After only 36 hours, one prisoner began to act "crazy.


Zimbardo says; "#8612 then began to act crazy, to scream, to curse, to go into a rage that seemed out of control. It took quite a while before we became convinced that he was really suffering and that we had to release him. On the fourth day, some prisoners were talking about trying to escape. Zimbardo and the guards attempted to move the prisoners to the more secure local police station, but officials there said they could no longer participate in Zimbardo's experiment. Zimbardo aborted the experiment early when Christina Maslach objected to the appalling conditions of the prison after she was introduced to the experiment to conduct interviews.

Conclusion
The results of the experiment are said to support situational attribution of behavior rather than dispositional attribution. In other words, it seemed the situation caused the participants' behavior, rather than anything inherent in their individual personalities.

Criticisms
This study was cleared by the Ethics Code of the American Psychological Association, showing that experiments on paper can look very different from the way that they play out in reality. The experiment was criticized as being unethical and unscientific. Conclusions and observations drawn by the experimenters were largely subjective and anecdotal, and the experiment would be difficult for other researchers to reproduce. In contrast to Zimbardo's claim that participants were given no instructions about how to behave, his briefing of the guards gave them a clear sense that they should oppress the prisoners. Additionally, the study has been criticized on the basis of ecological validity.

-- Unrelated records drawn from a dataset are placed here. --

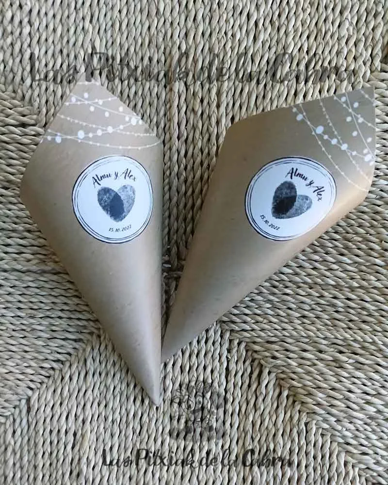 Los conos para pétalos son conos grandes de aproximadamente unos 20 cm. y van impresos en papel de 300 gramos a una sola cara. Los enviamos completamente montados, listos para colocar donde queráis ponerlos. Los conos son ideales para llenar de pétalos para tirar en la ceremonia, pero también podéis llenarlos de confeti, arroz o para pueden valer para vuestra mesa dulce.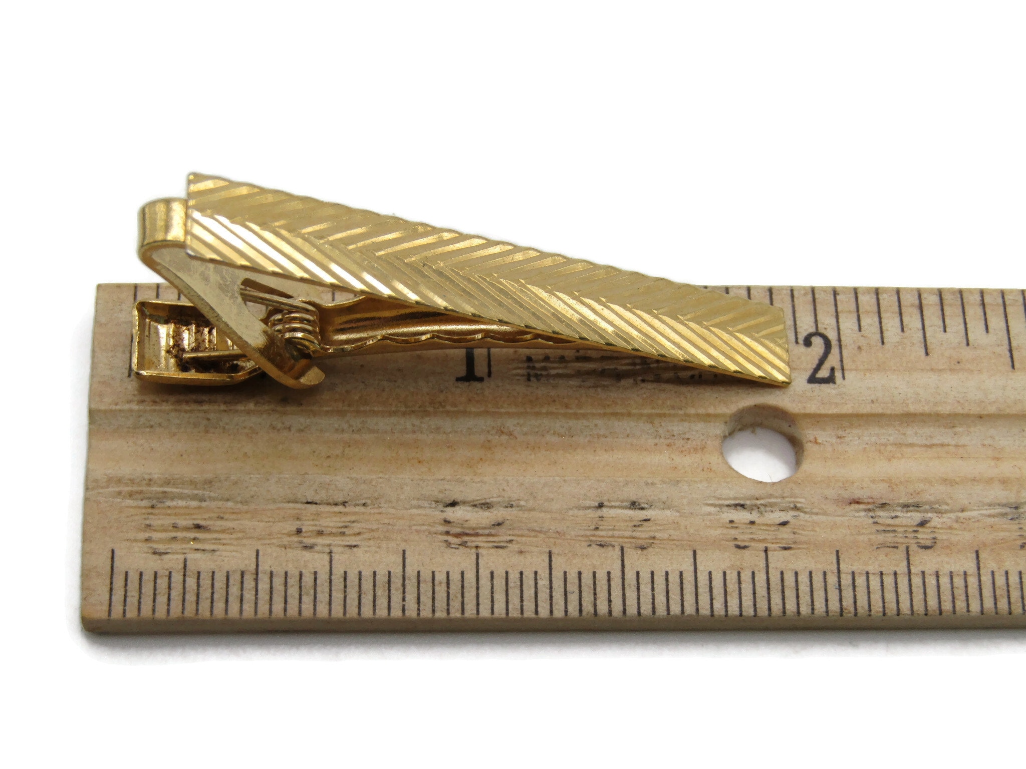 Diagonal Line Pattern Tie Bar Tie Clip Men's Jewelry Gold Tone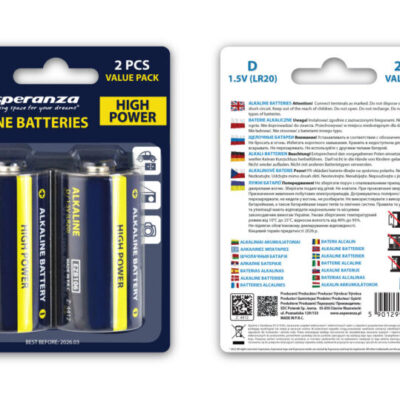 Esperanza D-Batterien sind alkalische Einwegbatterien mit langer Laufzeit und konstanter Leistung, geeignet für Geräte mit hohem Stromverbrauch. Sie werden häufig in Produkten wie Radios, tragbaren Lautsprechern, größeren Spielzeugen und elektrischen Fallen verwendet. Die Batterien haben eine lange Haltbarkeit und lassen sich sicher auf Vorrat lagern, bis sie benötigt werden.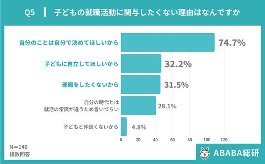 Q.1で「関与せず、子どもの意思に任せたい」と回答した親にその理由を尋ねたところ、「自分のことは自分で決めてほしいから」(74.7%)という回答が最も多く7割以上を占め、次いで「子どもに自立してほしいから」(32.2%)が続き、子どもに自立した一人前の社会人になってほしいと願っていることがうかがえます。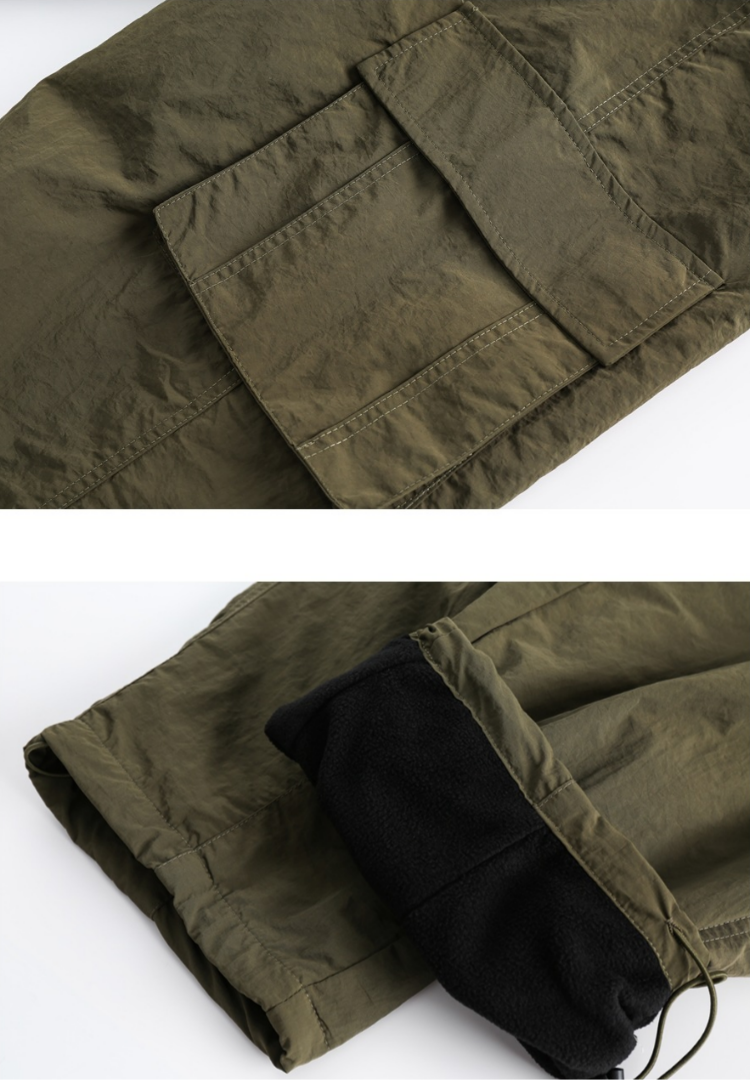 플리스 안감을 사용하여 가을 /겨울철에도 착용 가능한 와이드 카고 팬츠입니다.

Milgrams Experiment and Abu Ghraib Prison Torture


STANLEY MILGRAMS EXPERIMENT
A series of notable social psychology experiments conducted by psychologist Stanley Milgram, which measured the willingness of study participants to obey an authority figure who instructed them to perform acts that conflicted with their personal conscience.

ABU GHRAIB PRISON TORTURE


In 2004, human rights violations in the form of physical, psychological, and sexual abuse of prisoners held in the Abu Ghraib prison in Iraq (also known as Baghdad Correctional Facility) came to public attention. These acts were committed by military police personnel of the United States Army together with additional US governmental agencies.